* **WHAT YOU ARE ASKED TO DO**: Your answer must be the exact lines below, starting with the line with "Policiais militares do" and going on through the line with "Conjunto compuesto de", both included, with no pictures.

--- SOURCE MATERIAL Enclosed Below ---

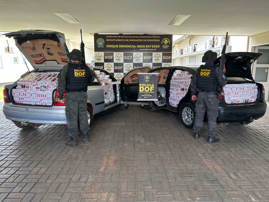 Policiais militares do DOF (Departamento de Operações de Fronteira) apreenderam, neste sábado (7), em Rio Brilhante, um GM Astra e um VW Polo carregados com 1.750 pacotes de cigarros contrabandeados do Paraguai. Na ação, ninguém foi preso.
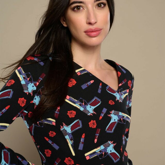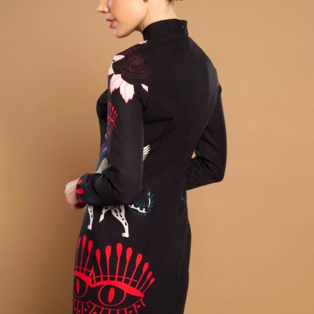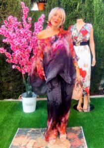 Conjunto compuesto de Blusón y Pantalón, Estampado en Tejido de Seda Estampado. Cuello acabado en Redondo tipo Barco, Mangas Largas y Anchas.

--- End of Enclosed SOURCE MATERIAL ---
--- SOURCE MATERIAL Enclosed Below ---

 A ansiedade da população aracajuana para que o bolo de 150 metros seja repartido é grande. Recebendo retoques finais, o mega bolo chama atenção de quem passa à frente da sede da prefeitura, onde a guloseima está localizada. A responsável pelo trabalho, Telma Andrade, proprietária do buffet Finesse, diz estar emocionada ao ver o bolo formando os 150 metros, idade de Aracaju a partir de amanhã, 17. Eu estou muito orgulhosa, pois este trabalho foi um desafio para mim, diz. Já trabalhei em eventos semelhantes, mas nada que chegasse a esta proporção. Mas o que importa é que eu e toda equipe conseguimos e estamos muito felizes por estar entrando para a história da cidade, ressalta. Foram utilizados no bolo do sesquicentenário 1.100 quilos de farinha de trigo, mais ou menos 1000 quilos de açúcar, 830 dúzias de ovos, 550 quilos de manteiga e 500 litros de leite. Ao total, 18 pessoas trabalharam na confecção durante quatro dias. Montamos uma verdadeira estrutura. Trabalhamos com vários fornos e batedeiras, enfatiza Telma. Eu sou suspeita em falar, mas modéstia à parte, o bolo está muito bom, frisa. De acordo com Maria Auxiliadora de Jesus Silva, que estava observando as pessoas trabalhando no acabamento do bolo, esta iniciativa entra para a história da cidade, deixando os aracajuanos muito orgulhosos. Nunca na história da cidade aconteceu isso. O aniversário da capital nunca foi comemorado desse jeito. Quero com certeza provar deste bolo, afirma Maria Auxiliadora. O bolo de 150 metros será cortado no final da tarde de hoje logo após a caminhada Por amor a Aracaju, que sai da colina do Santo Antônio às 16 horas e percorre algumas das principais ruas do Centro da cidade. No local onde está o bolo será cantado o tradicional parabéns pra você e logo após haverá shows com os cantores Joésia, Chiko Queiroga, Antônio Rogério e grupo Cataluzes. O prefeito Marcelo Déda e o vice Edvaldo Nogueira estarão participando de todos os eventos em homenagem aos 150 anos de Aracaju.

--- End of Enclosed SOURCE MATERIAL ---

* **EXERCISE RESPONSE**:
 Policiais militares do DOF (Departamento de Operações de Fronteira) apreenderam, neste sábado (7), em Rio Brilhante, um GM Astra e um VW Polo carregados com 1.750 pacotes de cigarros contrabandeados do Paraguai. Na ação, ninguém foi preso.
 Conjunto compuesto de Blusón y Pantalón, Estampado en Tejido de Seda Estampado. Cuello acabado en Redondo tipo Barco, Mangas Largas y Anchas.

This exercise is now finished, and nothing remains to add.